What the early partners are saying
The testimonial wall Anthropic shipped with 4.7 is unusually long — 28 partners ranging from Cursor and Replit to Vercel, Databricks, Notion, and Harvey. A few quotes stand out:
| Partner | Claim |
|---|---|
| Notion | +14% on multi-step workflows, fewer tokens, a third of the tool errors of Opus 4.6 |
| Databricks | 21% fewer errors on OfficeQA Pro vs. Opus 4.6 |
| Harvey | 90.9% substantive accuracy on BigLaw Bench at high effort |
| Hex | Low-effort Opus 4.7 ≈ medium-effort Opus 4.6 |
| Factory | +10–15% task success on Factory Droids, fewer tool errors |
| CodeRabbit | Recall improved >10% on PR reviews while precision held |
The consistent theme: long-running, multi-step agent work. Opus 4.7 doesn't give up halfway, loops less, and recovers from tool failures that used to stop Opus cold. That's the actual unlock, more than any single benchmark number.
The Mythos shadow
You can't read the 4.7 announcement without noticing the absence. Anthropic keeps pointing at Mythos Preview — a model they say is stronger on capability and safer on alignment — and then saying you can't use it. Every chart in the blog post shows Mythos outperforming 4.7. Every safety chart shows Mythos with lower misaligned-behavior rates.

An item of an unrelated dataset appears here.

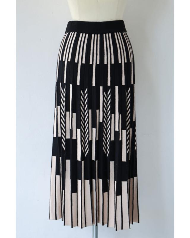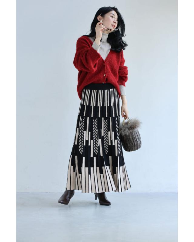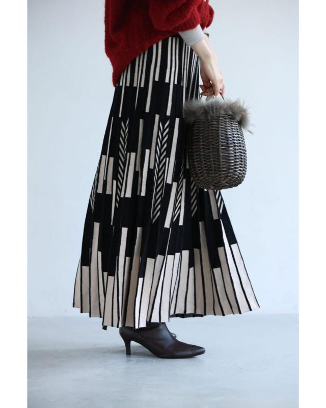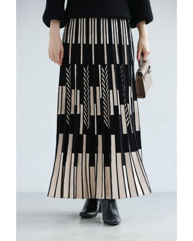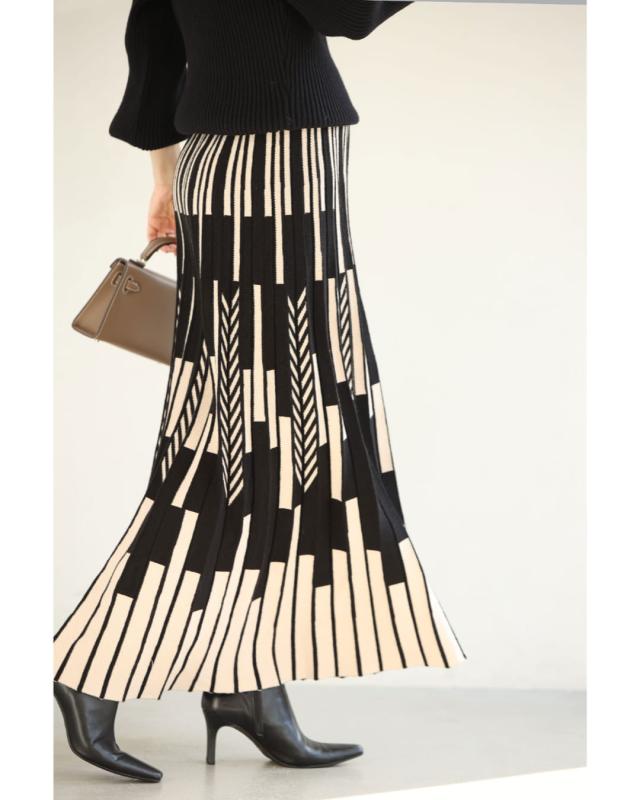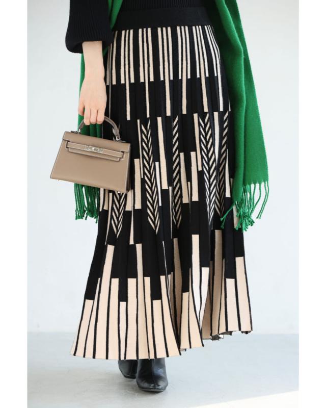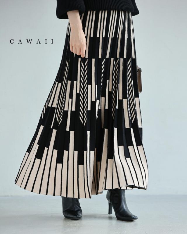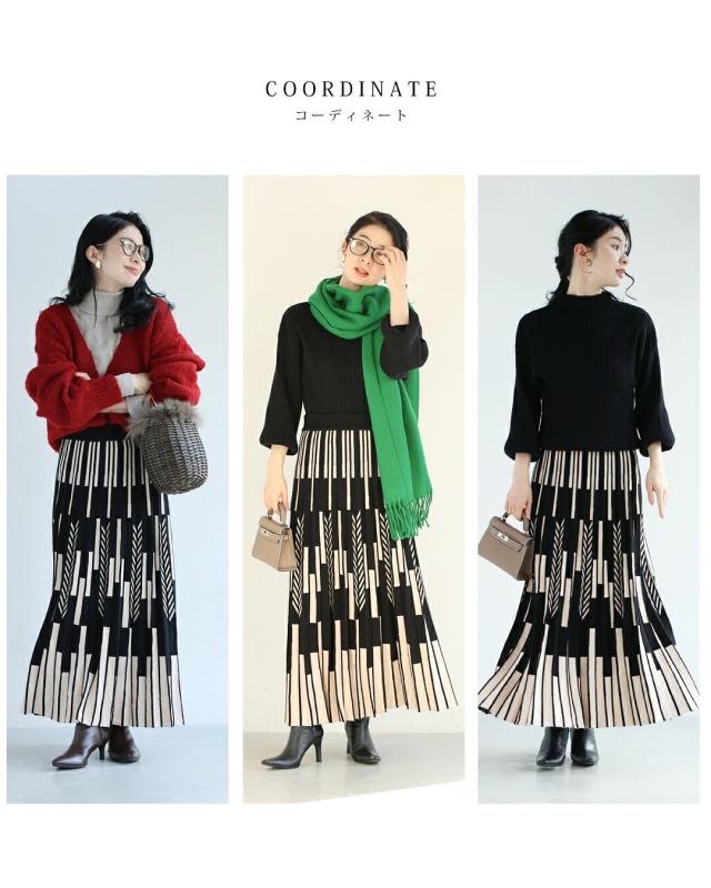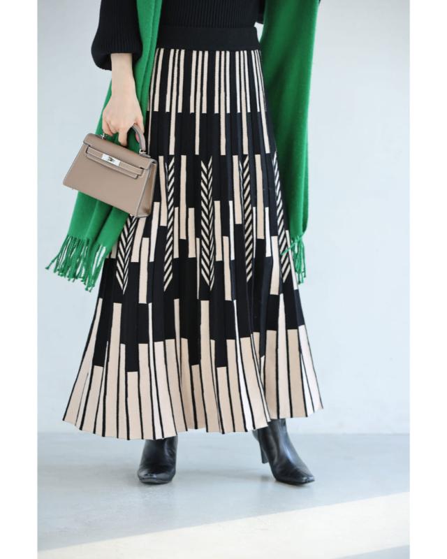 w61640ps 新作 新着 再入荷 CAWAII FRENCHPAVE フレンチパヴェ エレガント ベーシック カジュアル 可愛い かわいい カワイイ おしゃれ オシャレ お洒落 個性 個性的 定番 ベーシック 大人かわいい 大人可愛い 上品 女性らしい デザイン スタンダード ナチュラル きれいめ キレイめ シンプル フェミニン レディース レディースファッション 大人 ママ ミセス 30代 40代 50代 60代 幾何学柄 山折りプリーツ ニット ロング スカート ウエストゴム ゴム 総ゴム S M L ワンサイズ フリー 小さめ 小さい 低身長 痩せ ほっそり 小柄 細身 標準サイズ 大きめシルエット 大きい ビッグシルエット ゆったり F サイズ自由 春 秋 冬 秋服 秋物 冬服 冬物 体型カバー 伸縮 ブラック 黒 普段着 日常使い デイリー 仕事 会社 通勤 OL おでかけ 女子会 買い物 デート デザイン性

This is the second time in six months Anthropic has released a model while publicly admitting it has a better one in the drawer. The company's position — that the frontier needs real-world cyber safeguards before a Mythos-class release — is reasonable. But it's a sharp reminder that the public-facing Claude lineup is now intentionally a step behind the frontier. Competitors will notice.
The Bottom Line
Claude Opus 4.7 is a real upgrade, not a version-number shuffle. For coding agents and multi-step automation, it is the strongest generally available model on the market today — narrowly, but measurably. If you're running Claude Code, Cursor, Devin, Notion Agent, or anything that calls tools in a loop, you should test xhigh this week.
Two things to do before you migrate: first, measure token usage on real traffic because the new tokenizer shifts the bill in non-obvious ways; second, re-tune any prompt that previously relied on 4.6 "loosely interpreting" your instructions — 4.7 will do exactly what you asked, which isn't always what you wanted.
And keep an eye on Mythos. The next Anthropic release cycle is going to be the interesting one.